Acetylenic polyesters

Acetylenic polyesters containing either residues of 2‐butyne‐1,4‐diol, acetylenedicarboxylic acid, or both of them, were prepared and characterized. Polyesters of 2‐butyne‐1,4‐diol with succinic, adipic, and phthalic acids were obtained as soluble polymers by use of known methods. The polymaleate ester of 2‐butyne‐1,4‐diol was obtained either as a soluble or as an insoluble polymer, depending on the experimental conditions. Relatively high temperature or long reaction periods led to the formation of insoluble polymers. Polyesters of acetylenedicarboxylic acid with diethylene glycol, tetra‐ and hexamethylene glycols, 2‐butene‐1,4‐diol, and 1,4‐cyclohexane dimethanol were prepared by melt polycondensation in bulk. These polyesters were obtained as insoluble, rubbery materials, except those of 2‐butene‐1,4‐diol and 1,4‐cyclohexane dimethanol, which were obtained both as linear or as nonlinear polymers.
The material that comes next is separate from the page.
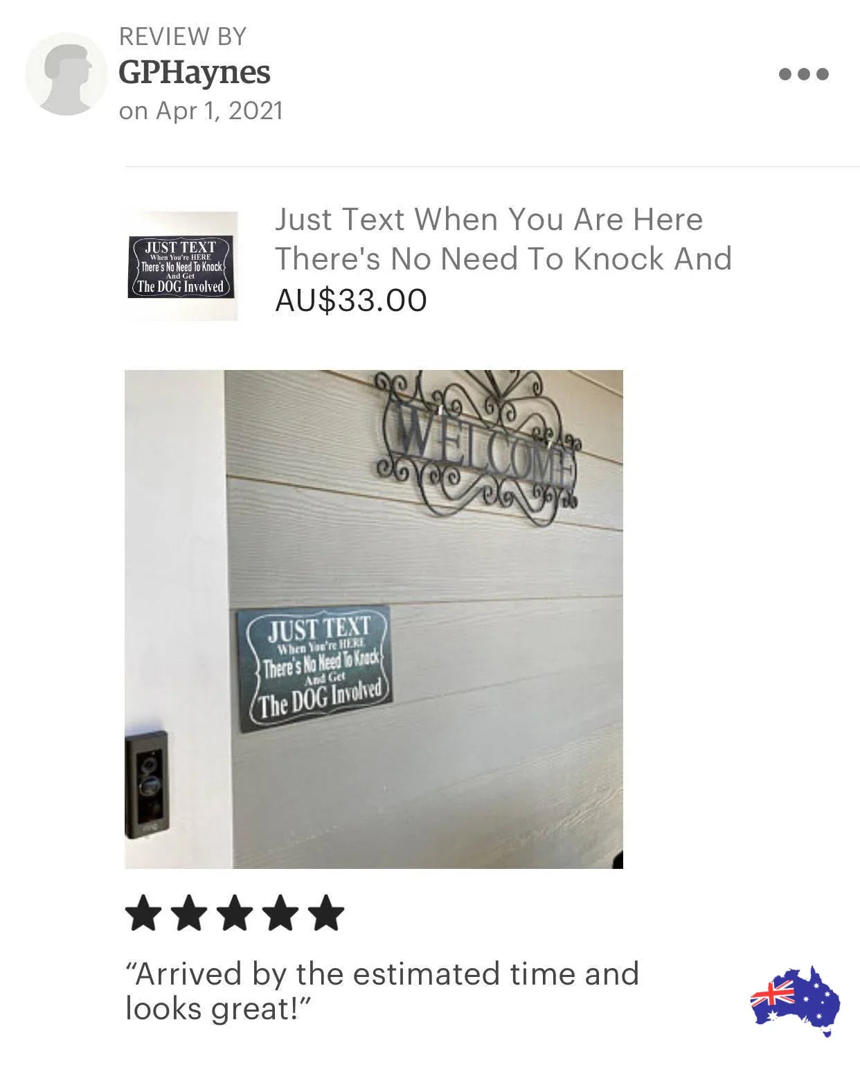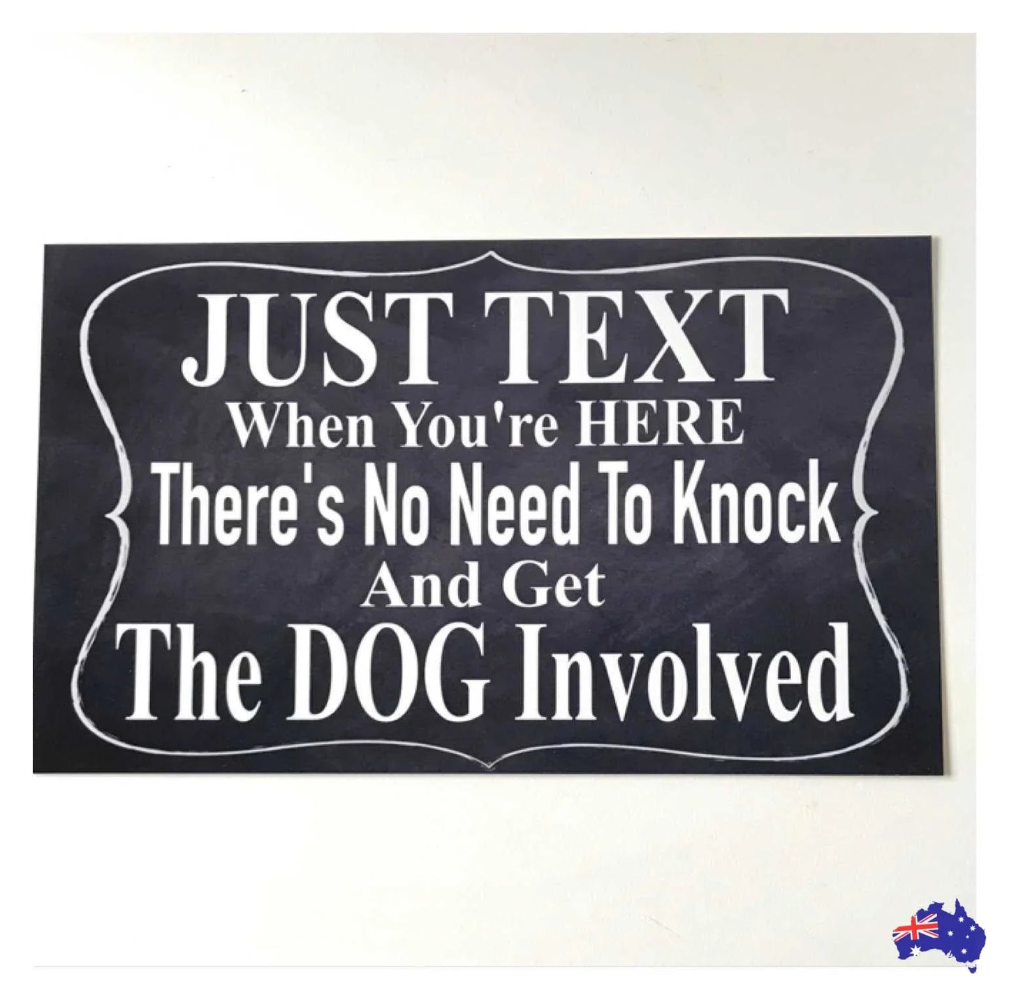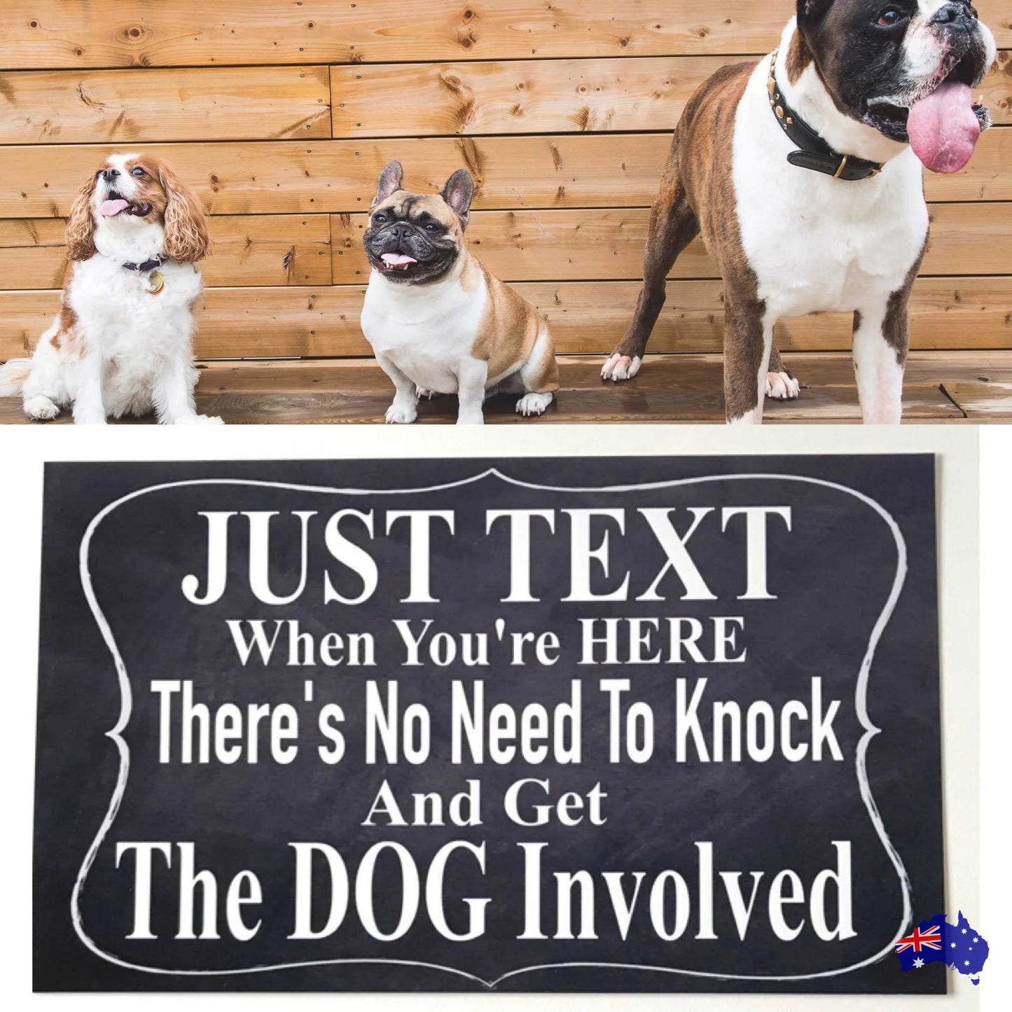 Get the Dog Just Text When You’re Here Dogs Sign for your front door! No need to knock, simply text when you arrive and your dog will stay out of the way. Your guests will appreciate knowing they don't have to worry about your furry friend.

The insolubility of the polyesters of acetylenedicarboxylic acid was due to crosslinking reactions involving the conjugated system CCCO. While the melt polycondensations in bulk involving either 2‐butyne‐1,4‐diol or acetylenedicarboxylic acid were entirely controlled reactions, those carried out between acetylenedicarboxylic acid and 2‐butyne‐1,4‐diol were very often associated with highly exothermic decompositions involving carbonization. The decompositions could be eliminated when the melt polycondensation in bulk was preceded by a fore‐condensation in solution. Solid, soluble, powdery low polymers (DP = 2–3) having softening temperatures of about 150–175°C. were thus obtained.